I remember some time back in 2003 or thereabouts, pundits were wondering whether a renewed and united Europe might challenge US dominance, acting as a counter-weight to the last one standing after the Cold War. The drive to unity seemed strong, eastern European countries were joining in the grand project, the constitution was being bounced around, economic figures seemed promising. How quaint all that discussion now seems. The truth is that ever since 1945, Europe has been the US’s tart. While the USA enjoyed global economic power, it could buy it’s tart (one of many) fancy clothes, nice cars, penthouse apartments, in exchange for a few ‘services’. And Europe could pretend that it was doing reasonably well on its own, that it was a respectable dame, to the extent of thinking it might go out on its own. But now that the pimp has begun to find cash a little short, to realise that its control of the streets is slipping, the tart has found that the good life really is over. All that the rolling crisis since 2008 has done is strip off the baubles, repossess the fine cars and evict the tenant from the penthouse.  (Here it is worth remembering that as soon as a major power needs to use military force, it has already begun the long slide downhill; the reason is that use of force is a signal that others dare to challenge it. That would mean the decline of the USA began in the 1970s).
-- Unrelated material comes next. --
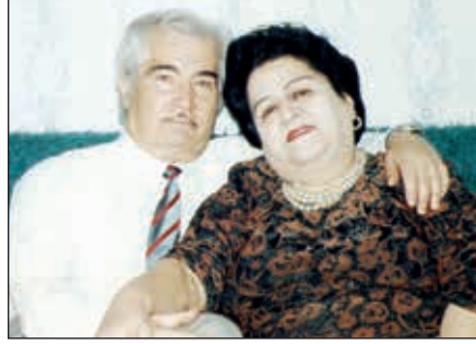
Firudin Səfərov və ən nəhəyat, sonuncu xanımı, SSRİ Xalq artisti Firəngiz Əhmədova ilə

1986-cı ildə Daşkənd teatri “Odlu mələk” tamaşası ilə Moskvaya qastrol səfərinə gedir. Kremlin Qurultaylar Sarayında anlaşıq olur. Hər gün tamaşaya 6 min tamaşaçı baxır. Bu günlər Moskva mətbuatının diqqəti Firudin Səfərov və “Odlu mələk” tamaşasına yönəlir. Əsər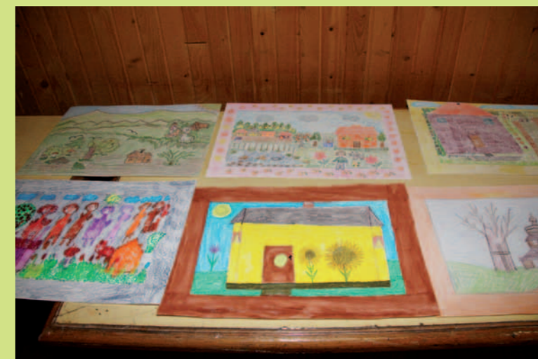
Prace plastyczne wykonane podczas warsztatów przez uczestników ŚDS

The problem is that it is taking a while to realise this. Like passengers on a ship who refuse to believe that the alarming tilt of the ship is more than a roll, people assert that the ‘euro will not collapse’, that ‘they will do something’. Might be worth going up on deck to see what is going on. Or, to shift the metaphor, all that the EU managers are left with is trying to emulate God at the moment of creation: merely saying that the crisis will be averted, that the Euro will be saved, that Europe will survive, is somehow regarded as enough to make it actually happen.

I would suggest that the Greek situation (or indeed Spanish or …) is part of this larger picture. Rather than some short-circuit that may revive Europe, it is better seen as a clear indication of the marginalisation (or peripheralisation) of Europe on the world stage. Why? The problem is not Greece but Europe as a whole, which is pretty much cactus – as any time spent there soon reveals. Further, the possibility that there may be a revolution in Greece, even if it is crushed initially, signals precisely that marginalisation. Recall that all of the successful communist revolutions have happened on the global peripheries thus far. But rather than make the most of this situation, a goodly number on the Left remain residual Eurocentrics. Having given up on other parts of the globe as the locus of any progressive promise, they hold vainly onto the belief that Europe will lead the way. Better to embrace the marginalisation and go hell for revolutionary leather.